In tutta questa faccenda cinese c’è un grande equivoco: l’Europa non vuole certo fare a meno della partnership con la Cina, né rinunciare agli investimenti possibili. Facendo il resoconto dei contratti firmati da Macron con Xi lunedì a Nizza, molti hanno commentato (con l’ormai consueto tic antifrancese che in Italia si porta molto): l’Eliseo ci fa la morale sulla minaccia cinese e poi però si porta a casa un bottino prezioso. L’equivoco è tutto qui: fare affari è un conto, sottostare alle iniziative strategico-culturali della Cina con contratti capestro e senza che ci sia fiducia e reciprocità è un altro. Per di più ha un costo: per esempio la Grecia e l’Ungheria, che subiscono il corteggiamento cinese, hanno bloccato le prese di posizione dell’Ue sulla sentenza del Tribunale internazionale sul Mare meridionale cinese. Le sfere di influenza sembrano armamentari del passato, ma non lo sono affatto.

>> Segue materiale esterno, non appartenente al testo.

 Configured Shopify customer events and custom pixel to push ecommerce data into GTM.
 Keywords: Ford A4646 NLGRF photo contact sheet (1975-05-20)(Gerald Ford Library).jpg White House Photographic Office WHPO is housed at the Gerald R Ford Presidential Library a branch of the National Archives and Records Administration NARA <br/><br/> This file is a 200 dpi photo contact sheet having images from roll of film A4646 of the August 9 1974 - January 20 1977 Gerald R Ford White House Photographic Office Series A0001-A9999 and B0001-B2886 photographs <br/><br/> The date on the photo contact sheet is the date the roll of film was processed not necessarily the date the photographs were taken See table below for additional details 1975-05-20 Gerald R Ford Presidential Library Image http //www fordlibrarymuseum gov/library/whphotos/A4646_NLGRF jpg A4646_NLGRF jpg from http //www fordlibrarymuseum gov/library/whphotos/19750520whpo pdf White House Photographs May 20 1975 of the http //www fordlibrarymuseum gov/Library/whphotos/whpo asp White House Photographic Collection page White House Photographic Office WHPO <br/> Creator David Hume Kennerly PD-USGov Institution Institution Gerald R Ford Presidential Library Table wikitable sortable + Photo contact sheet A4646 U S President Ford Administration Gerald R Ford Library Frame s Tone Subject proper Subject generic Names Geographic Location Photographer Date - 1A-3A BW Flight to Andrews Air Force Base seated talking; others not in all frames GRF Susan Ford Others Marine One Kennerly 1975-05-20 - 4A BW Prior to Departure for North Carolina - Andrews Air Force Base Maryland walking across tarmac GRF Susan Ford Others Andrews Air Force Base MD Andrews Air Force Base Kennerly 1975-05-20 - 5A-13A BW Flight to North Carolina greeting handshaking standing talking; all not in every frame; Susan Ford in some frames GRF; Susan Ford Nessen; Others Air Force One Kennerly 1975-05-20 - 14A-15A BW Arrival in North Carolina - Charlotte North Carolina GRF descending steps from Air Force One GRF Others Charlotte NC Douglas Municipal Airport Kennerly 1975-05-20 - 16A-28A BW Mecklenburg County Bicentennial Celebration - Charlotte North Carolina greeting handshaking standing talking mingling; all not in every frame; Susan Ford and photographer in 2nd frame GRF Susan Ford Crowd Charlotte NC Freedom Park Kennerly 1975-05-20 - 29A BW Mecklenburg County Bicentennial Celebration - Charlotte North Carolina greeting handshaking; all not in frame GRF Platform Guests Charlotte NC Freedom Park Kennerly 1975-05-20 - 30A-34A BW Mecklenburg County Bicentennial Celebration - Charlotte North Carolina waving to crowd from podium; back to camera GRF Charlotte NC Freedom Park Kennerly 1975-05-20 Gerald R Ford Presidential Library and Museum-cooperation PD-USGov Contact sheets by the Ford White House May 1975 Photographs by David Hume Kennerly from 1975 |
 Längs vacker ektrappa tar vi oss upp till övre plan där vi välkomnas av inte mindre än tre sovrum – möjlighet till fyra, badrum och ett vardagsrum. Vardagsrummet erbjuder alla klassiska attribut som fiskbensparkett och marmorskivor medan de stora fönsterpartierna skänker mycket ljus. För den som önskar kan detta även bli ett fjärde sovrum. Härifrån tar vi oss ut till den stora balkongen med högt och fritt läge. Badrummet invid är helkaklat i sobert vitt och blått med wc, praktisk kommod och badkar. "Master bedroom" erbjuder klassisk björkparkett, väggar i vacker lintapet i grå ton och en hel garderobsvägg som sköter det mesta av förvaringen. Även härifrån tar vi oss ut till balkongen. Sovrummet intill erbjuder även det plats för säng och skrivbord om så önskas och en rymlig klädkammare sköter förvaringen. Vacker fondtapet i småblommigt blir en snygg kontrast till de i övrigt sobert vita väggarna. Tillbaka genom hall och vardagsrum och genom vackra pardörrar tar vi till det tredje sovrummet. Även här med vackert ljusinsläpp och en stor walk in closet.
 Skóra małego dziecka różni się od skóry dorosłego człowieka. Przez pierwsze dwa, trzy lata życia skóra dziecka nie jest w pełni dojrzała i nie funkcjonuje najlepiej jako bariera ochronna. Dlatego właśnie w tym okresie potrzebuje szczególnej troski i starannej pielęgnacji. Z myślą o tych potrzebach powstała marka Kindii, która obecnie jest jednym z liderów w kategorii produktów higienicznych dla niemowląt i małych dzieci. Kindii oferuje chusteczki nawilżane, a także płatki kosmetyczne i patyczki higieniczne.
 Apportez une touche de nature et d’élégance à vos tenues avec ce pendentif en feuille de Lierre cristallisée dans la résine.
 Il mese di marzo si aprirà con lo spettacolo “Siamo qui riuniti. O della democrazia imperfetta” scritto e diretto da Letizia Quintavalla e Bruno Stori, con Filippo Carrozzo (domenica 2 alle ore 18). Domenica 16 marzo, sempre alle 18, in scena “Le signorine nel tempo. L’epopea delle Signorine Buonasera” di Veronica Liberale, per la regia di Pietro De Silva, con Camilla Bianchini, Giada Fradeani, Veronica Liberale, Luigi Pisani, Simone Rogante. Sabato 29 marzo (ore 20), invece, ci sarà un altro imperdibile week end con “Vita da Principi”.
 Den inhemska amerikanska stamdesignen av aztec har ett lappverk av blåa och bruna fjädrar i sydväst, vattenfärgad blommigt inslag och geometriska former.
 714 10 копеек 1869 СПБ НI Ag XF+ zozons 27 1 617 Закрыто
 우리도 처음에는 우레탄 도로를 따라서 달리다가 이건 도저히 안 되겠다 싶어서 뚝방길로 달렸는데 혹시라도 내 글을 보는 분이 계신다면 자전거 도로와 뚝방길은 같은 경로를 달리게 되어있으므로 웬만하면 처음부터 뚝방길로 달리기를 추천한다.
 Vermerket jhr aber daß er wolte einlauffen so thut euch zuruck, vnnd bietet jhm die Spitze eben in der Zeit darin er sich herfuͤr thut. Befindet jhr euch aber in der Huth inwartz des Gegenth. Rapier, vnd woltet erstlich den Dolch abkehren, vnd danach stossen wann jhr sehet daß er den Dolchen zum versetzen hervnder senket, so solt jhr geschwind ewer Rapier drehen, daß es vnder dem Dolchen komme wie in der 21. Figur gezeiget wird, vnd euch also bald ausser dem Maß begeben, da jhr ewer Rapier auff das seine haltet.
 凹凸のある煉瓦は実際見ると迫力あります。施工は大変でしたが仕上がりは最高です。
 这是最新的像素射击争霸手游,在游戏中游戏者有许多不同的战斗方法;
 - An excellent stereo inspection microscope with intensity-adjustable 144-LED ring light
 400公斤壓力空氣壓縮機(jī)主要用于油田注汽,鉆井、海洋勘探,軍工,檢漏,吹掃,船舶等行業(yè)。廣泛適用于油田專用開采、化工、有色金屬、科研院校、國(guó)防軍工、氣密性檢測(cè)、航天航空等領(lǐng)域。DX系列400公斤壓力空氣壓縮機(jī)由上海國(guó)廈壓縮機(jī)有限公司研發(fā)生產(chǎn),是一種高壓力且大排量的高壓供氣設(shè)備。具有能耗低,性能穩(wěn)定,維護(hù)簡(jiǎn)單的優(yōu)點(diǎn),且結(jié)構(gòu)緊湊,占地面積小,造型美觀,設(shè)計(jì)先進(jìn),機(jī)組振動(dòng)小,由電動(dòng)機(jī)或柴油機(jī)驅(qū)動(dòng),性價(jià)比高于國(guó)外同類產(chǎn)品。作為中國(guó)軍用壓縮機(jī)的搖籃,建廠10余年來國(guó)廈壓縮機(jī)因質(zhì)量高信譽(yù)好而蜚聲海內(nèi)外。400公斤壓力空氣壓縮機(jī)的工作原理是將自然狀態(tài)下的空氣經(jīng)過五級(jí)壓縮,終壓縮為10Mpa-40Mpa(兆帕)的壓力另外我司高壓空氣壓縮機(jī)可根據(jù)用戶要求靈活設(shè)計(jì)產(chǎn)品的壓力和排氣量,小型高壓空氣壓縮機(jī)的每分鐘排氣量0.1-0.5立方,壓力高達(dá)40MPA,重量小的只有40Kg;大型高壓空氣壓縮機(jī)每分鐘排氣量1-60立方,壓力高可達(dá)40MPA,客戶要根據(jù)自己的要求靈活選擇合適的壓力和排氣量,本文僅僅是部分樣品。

La Merkel ha detto che il progetto della Belt and Road Initiative è una prospettiva interessante e “molto importante”, e che gli europei vogliono svolgere un ruolo ma questo “deve portare a una reciprocità e abbiamo qualche difficoltà a trovarla”. La cancelliera ha spiegato che il concetto di “concorrenza strategica” implica uno sforzo di tutti, “non prevede necessariamente che ci sia qualcuno che vince e qualcuno che perde: il multilateralismo dimostra che è possibile avere risultati win-win”, che è la definizione geopolitica di quel “clima di fiducia reciproca” che l’Europa va cercando con la Cina. Macron ha chiesto che ci sia da parte di Pechino “il rispetto dell’unità dell’Unione europea e i valori che rappresenta” (il messaggio va anche a chi si assoggetta alla potenza cinese in ordine sparso), ma “senza ingenuità”: la rivalità fa parte della storia del mondo, l’importante è giocare ad armi pari, in equilibrio. Juncker, dopo un’introduzione in conferenza stampa che ha lasciato un po’ perplessi sia Xi sia i colleghi europei (ha un po’ divagato salutando l’ex primo ministro Jean-Pierre Raffarin presente nel pubblico) ha ribadito: c’è e ci sarà confronto, ma con “cooperazione e fiducia”.
La settimana scorsa è circolata la bozza delle proposte che l’Ue vuole fare alla Cina al vertice del 9 aprile: il testo era molto duro, in linea con il cambio di passo di Bruxelles che teme da un lato di ritrovarsi schiacciata nella guerra commerciale tra America e Cina – imprevedibile come tutto quel che riguarda Donald Trump – e dall’altro di non riuscire a governare le aspirazioni di espansione strategica di Pechino. Per questo l’Ue punta a una convergenza che preveda, tra le altre cose, la reciprocità degli investimenti aziendali – se le aziende cinesi vengono in Europa specularmente le aziende europee devono poter andare in Cina – e che non ci sia un trasferimento di tecnologia (altrimenti il know how sviluppato in Europa diventa poi di proprietà delle aziende cinesi). La Commissione ha già chiesto agli stati membri di monitorare gli investimenti stranieri diretti come previsto dai regolamenti, e vuole pubblicare una serie di linee guida sulla partecipazione di società straniere agli appalti pubblici e sulla “salvaguardia della sicurezza” (lo ha fatto oggi sul 5G). Per il momento le richieste europee di fiducia si sono concretizzate soltanto nella discussione sul cambiamento climatico: Xi si è impegnato ad applicare il Trattato di Parigi (quello da cui è uscito Trump) e ha firmato una dichiarazione congiunta per la tutela della biodiversità. Sintetizzando l’incontro, Macron ha detto che le divergenze restano, ma che soltanto un multilateralismo muscolare permette di riequilibrare i rapporti: se Pechino abbia intenzione di entrare in questo schema, non si sa. Per ora le conviene approfittare della mancanza di unità all’interno dell’Ue.